# EXERCISE BRIEF
The answer must be an exact transcription of the lines below from the first through the one containing "Simple Style Long", with the pictures left out; please add nothing else.

----- RECORDED INFORMATION -----

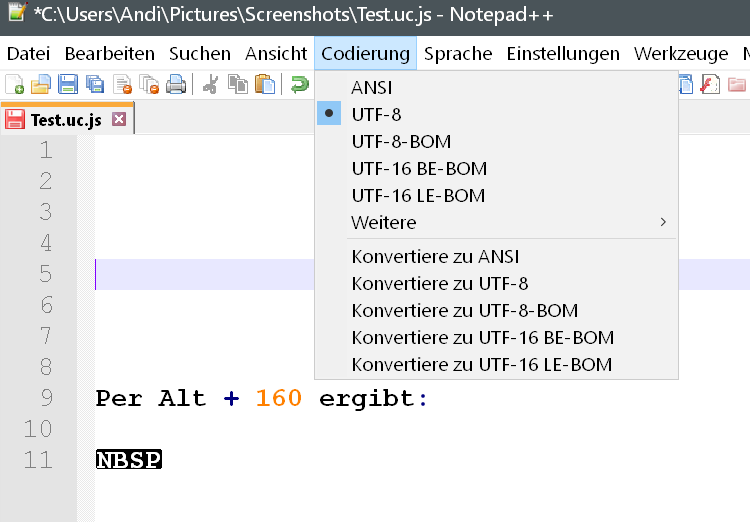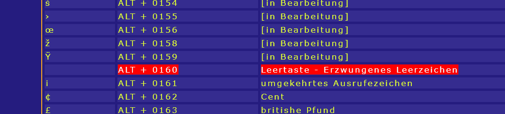 • Alt+160 gilt eigentlich für ISO-8859-1.
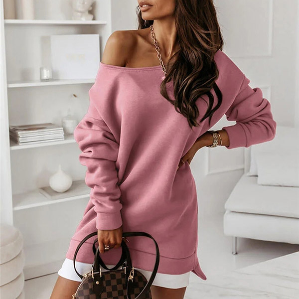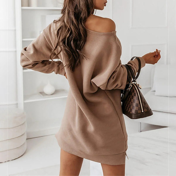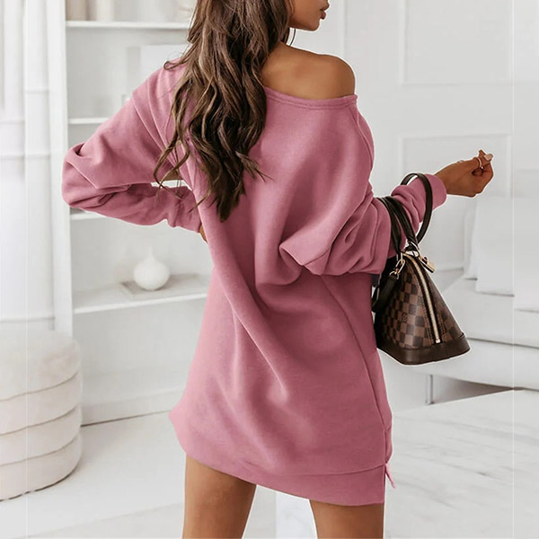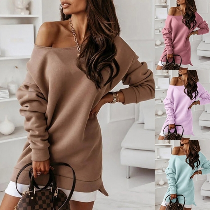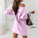 Simple Style Long Sleeve Round Neck Solid Color Sweatshirt Dress
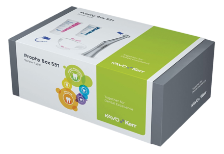 Prophy box that combines SMARTmatic contra-angle handpiece with Kerr prophylaxis essentials. Kit S31 includes SMARTmatic S31 Handpiece, Prophy Cups Screw Type x 30, Cleanic Tube Fluoride 100g x 2 (Mint, Berry Burst), OptiView Standard Kit, and Prophy Clips x 12.

-----

# TASK ANSWER
 • Alt+160 gilt eigentlich für ISO-8859-1.
 Simple Style Long Sleeve Round Neck Solid Color Sweatshirt Dress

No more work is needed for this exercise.